By IANS
New Delhi : India will invest Rs.115.85 billion ($2.8bn) to fight HIV/AIDS with a special focus on target groups in the next five years, health ministry officials said Friday.
As part of the National AIDS Control Programme – III (NACP-III), the investment would be made on heads like prevention, care, support and treatment, capacity building, and strategic information management.
"The NACP-III (2007-2012) seeks to halt and reverse the HIV/AIDS epidemic in India by 2012. During this phase National AIDS Control Organisation (NACO) will strengthen capacity, formulate policy and guide implementation to enable a decentralised response focussed on local needs," NACO chief K. Sujatha Rao told reporters.
Rao said the programme would be implemented through preventing new infections in high-risk groups and among the general populace with scaled up intervention.
Of the Rs.115.85 billion, the government of India is giving Rs.80.23 billion and the rest Rs.35.62 billion will come from several donor agencies like World Bank, UNAIDS, Britain's DFID, Bill and Melinda Gates Foundation.
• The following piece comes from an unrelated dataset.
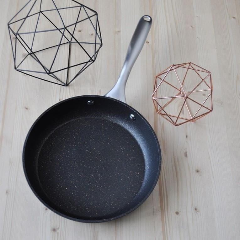 - Vzdržljiva in lahka prešana aluminijasta ponev debeline 4mm, z ojačanim izpostavljenim delom roba, debeline kar 5mm
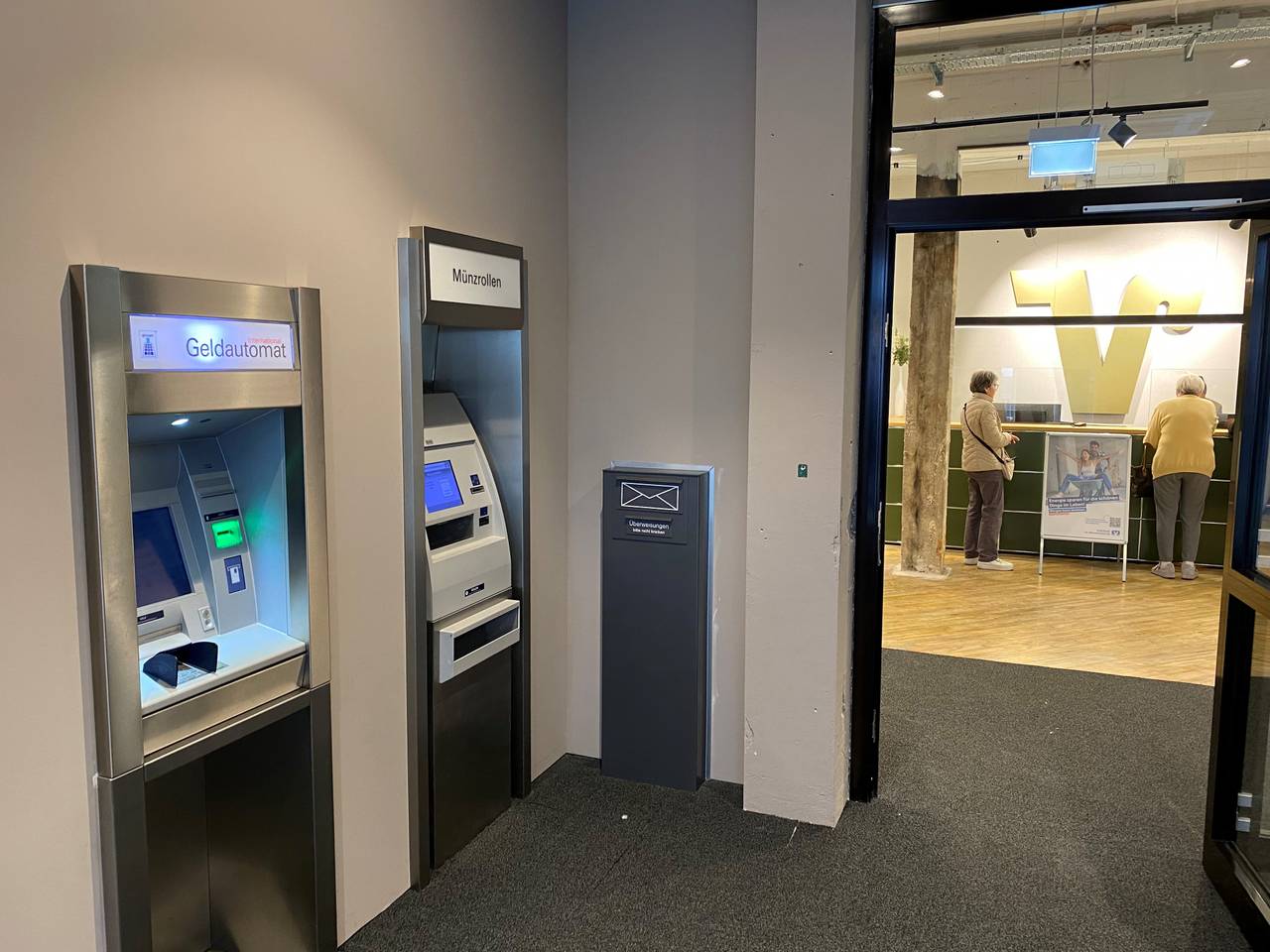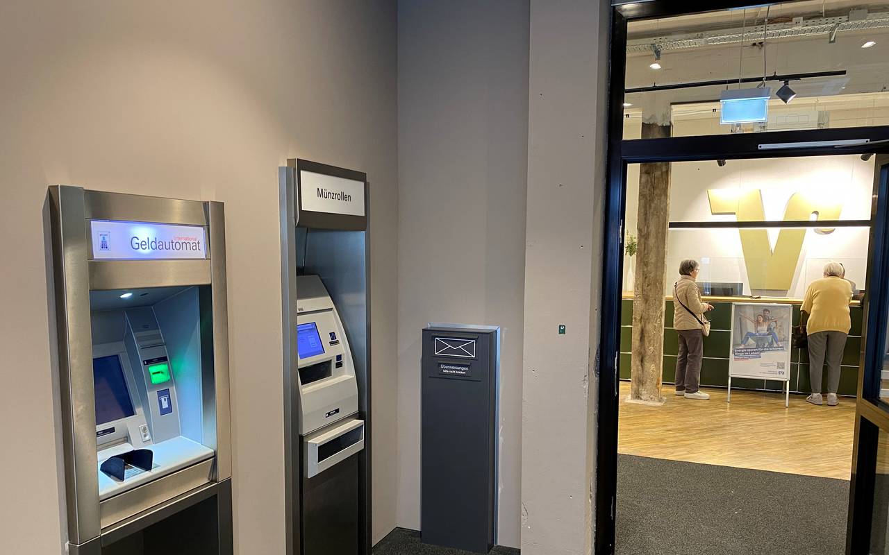 Drei Geldautomaten gibt es im Eingangsbereich. Nur die alte Kasse, die finden die Kunden und Kundinnen jetzt erstmal in der Volksbank-Filiale an der Hammer Straße.

Of the total money, Rs.77.86 billion would be invested on prevention, Rs.19.53 billion on care, support, and treatment and Rs.9.1 billion on programme management. While Rs.3.6 billion will go for the strategic information management, another Rs.5.76 billion would be kept as contingency.
The fresh programme was announced on a day the government said the number of HIV/AIDS patients in India is now down to 2.5 million, less than half what was previously estimated.
The startling figures, released Friday jointly by the UNAIDS, World Health Organization (WHO) and National AIDS Control Organisation (NACO) – the dedicated wing of the Indian health ministry to fight the disease – said that the national adult HIV prevalence in India now stands between 2 million and 3.1 million.
"We have taken an average of the most accurate prevalence data and underline that India is home to 2.5 million HIV infected people," Anbumani Ramadoss told reporters.
The estimates said that around 104 districts in India have a HIV prevalence of over 1 percent, and 29 have more than 3 percent. The Dharwad district of Karnataka is the most infected district in the country with a prevalence rate of nearly 6 percent against the national prevalence rate of 0.36 percent.
Within the intervention period, the programme would reach out to three million truckers and 8.9 million migrants to stop the virus from infecting the general population.
Truckers in India have an estimated HIV prevalence of 11 to 16 percent. There are more than 8 million migrants amongst whom prevalence is unknown.
The NACP-III will also aim to reduce HIV infection through blood transfusion from the current two percent to 0.5 percent within next five years.
Apart from targeting women who contribute 39 percent of the HIV infected people in the country, the programme would cover 75,600 HIV positive mothers with anti-retroviral drugs prophylaxis.